Linux is the recommended OS. Nearly everything also works on MacOSX, but some programs (fastqc, Trinity) are troublesome.
wget https://repo.continuum.io/miniconda/Miniconda3-latest-Linux-x86_64.sh bash Miniconda3-latest-Linux-x86_64.sh -b echo export PATH="$HOME/miniconda3/bin:$PATH" >> ~/.bash_profile source ~/.bash_profile
Now, get the eelpond code
git clone https://github.com/dib-lab/eelpond.git cd eelpond
Create a conda environment with all the dependencies for eelpond
conda env create --file environment.yml -n eelpond
Activate that environment.
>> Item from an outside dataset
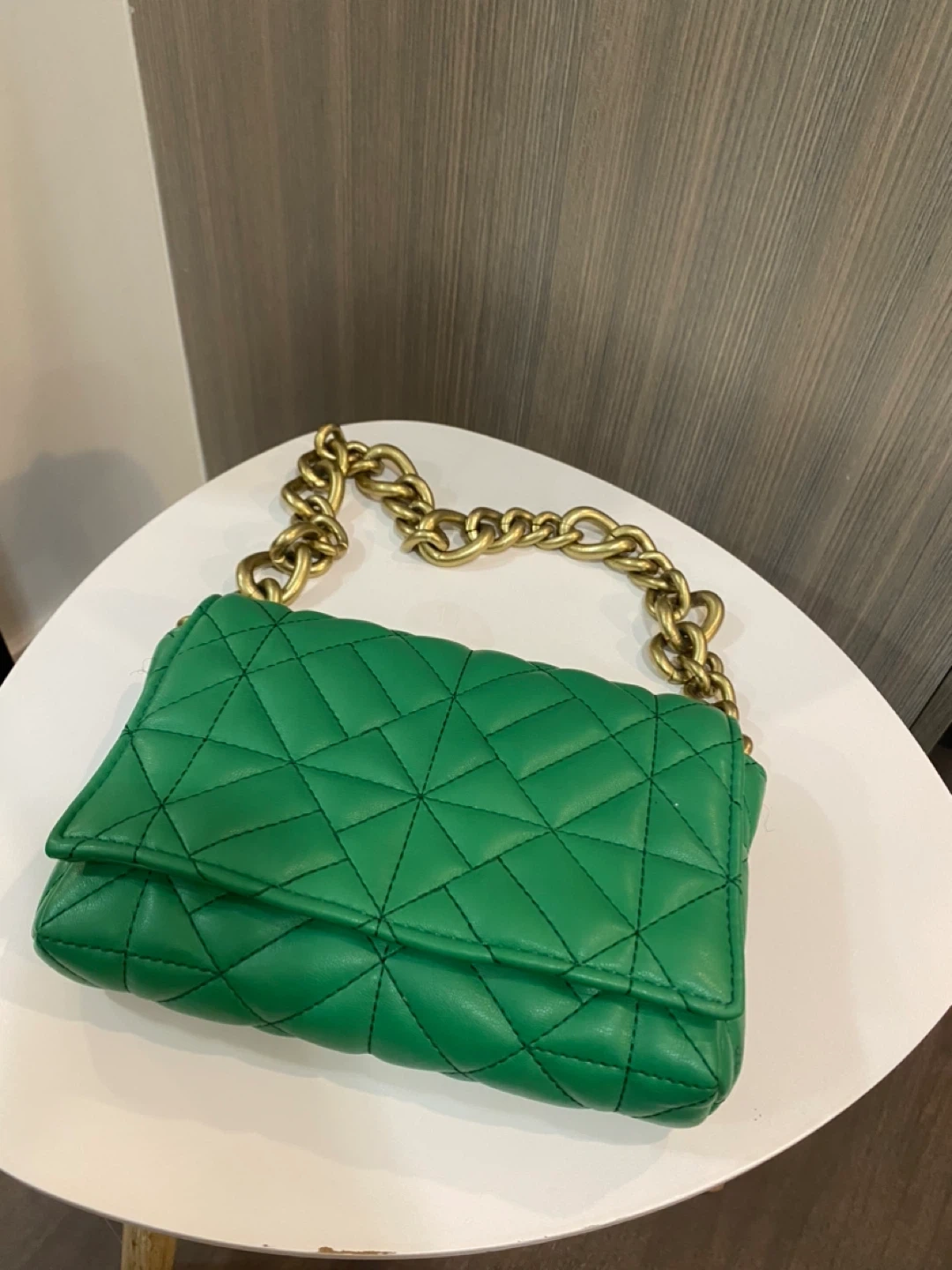 Green Quilted Handbag with Gold Chain

You'll need to do this anytime you want to run eelpond
conda activate eelpond
Now you can start running workflows on test data!
Default workflow: Eel Pond Protocol for de novo RNAseq analysis
The Eel Pond protocol (which inspired the
eelpond name) included line-by-line commands that the user could follow along with using a test dataset provided in the instructions. We have re-implemented the protocol here to enable automated de novo transcriptome assembly, annotation, and quick differential expression analysis on a set of short-read Illumina data using a single command. See more about this protocol here.
To test the default workflow:
./run_eelpond examples/nema.yaml default
This will download and run a small set of Nematostella vectensis test data (from Tulin et al., 2013)
Running Your Own Data
To run your own data, you'll need to create two files:
tsvfile containing your sample info
yamlfile containing basic configuration info
Generate these by following instructions here: Understanding and Configuring Workflows.
You can see the available workflows (and which programs they run) by using the
./run_eelpond examples/nema.yaml --print_workflows
- preprocess: Read Quality Trimming and Filtering (fastqc, trimmomatic)
- kmer_trim: Kmer Trimming and/or Digital Normalization (khmer)
- assemble: Transcriptome Assembly (trinity)
- assemblyinput: Specify assembly for downstream steps
- annotate : Annotate the transcriptome (dammit, sourmash)
- quantify: Quantify transcripts (salmon)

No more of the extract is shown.